Tessa Virtue and Scott Moir perform at the ISU World Figure Skating Championships gala at Budweiser...

Tessa Virtue and Scott Moir perform at the ISU World Figure Skating Championships gala at Budweiser Gardens in London, Ont., March 17, 2013. (MARK BLINCH/Reuters)

RYAN PYETTE, QMI Agency

, Last Updated: 7:41 PM ET

LONDON, ONT. - If they could, Tessa Virtue and Scott Moir would've changed one thing about the World Figure Skating Championships.

The hometown heroes would have switched the national anthem at Saturday's ice dance medal ceremony from the Star Spangled Banner to O Canada.

They didn't win, but London did, in the minds of the globe-trotting skaters whose seventh career worlds will always be their most memorable.

“We never could have imagined a hometown world championships,” Virtue, the 23-year-old Londoner, said. “London is on the world stage and it has handled it gracefully. We felt the excitement (ahead of last week) building. It's what everybody has been talking about.

“The skating crowd is phenomenal. There are no more knowledgeable fans.”

Three-time men's world champ Patrick Chan said the atmosphere at Budweiser Gardens – even when it wasn't filled to capacity early in the week – inspired the skaters. The arena, with a capacity of 6,691 for figure skating events, was the smallest venue used for the worlds in the 10 times Canada has hosted the tournament.

“I don't think we're pulling wool over anyone's eyes in trying to compare with Moscow, Nice (France), Tokyo,” Moir, the 25-year-old Ilderton, Ont., native, said. “It's a unique worlds and I think the community did an amazing job.

“It was really neat for Tessa and I to see our community pull together.”

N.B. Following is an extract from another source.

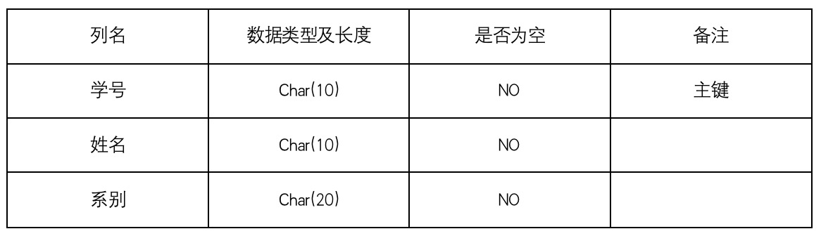“学生”表Student由学号(Sno)、姓名(Sname)、性别(Ssex)、年龄(Sage)、所在系(Sdept)五个属性组成,可记为:Student(Sno,Sname,Ssex,Sage,Sdept) Sno 为关键字。

Collectively, the Canadian team enjoyed a wildly successful worlds. They will now send 17 of a possible 18 skaters to the Olympics next year.

London is the springboard to the Winter Games in Sochi, Russia just like it was for the Olympics in Vancouver three years ago when it held the national championships.

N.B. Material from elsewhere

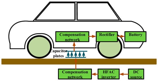 For medium- and low-power implementations, like spinning machines [78], portable electronics [79], and phone chargers [80], the CWPT framework technology’s cost-effectiveness and ease of use, utilizing improved mechanical configurations, as well as the geometric patterns of something like the coupling capacitors [76,77], are very advantageous. Inside the CWPT, coupling capacitors are employed to transmit power from the receiver to the source, rather than coils or magnets. Half-bridge converters receive their primary AC voltage via power quality control circuitry. The schematic of the capacitive wireless power transfer technique is presented in Figure 3.

“This venue has done so much for the city, bringing it to life,” Virtue said. “It has brought so many amazing artists. It was really special to share with our family

“Thank you (London). We feel that support, not just this week, but everywhere we go.”

Soon, it will be back to work in Canton, Mich., to start forming their Olympic-season short and free dances.

“I have (an) idea and very soon, I will (unveil it),” coach and choreographer Marina Zoueva said.

Virtue said she was healthy this week and the calf cramp that acted up at Four Continents didn't hinder her performance. She wore two new dresses in competition at these worlds.

“Be a little more fresh, something different, more excitement,” Zoueva said. “Like a woman, when we have a new dress, we (feel) much better. Even me, I'm more excited when I come to a competition with a new outfit.”

Now, her job is to tailor programs that will erase Virtue and Moir's bitter taste of silver here and get them back on the Olympic podium.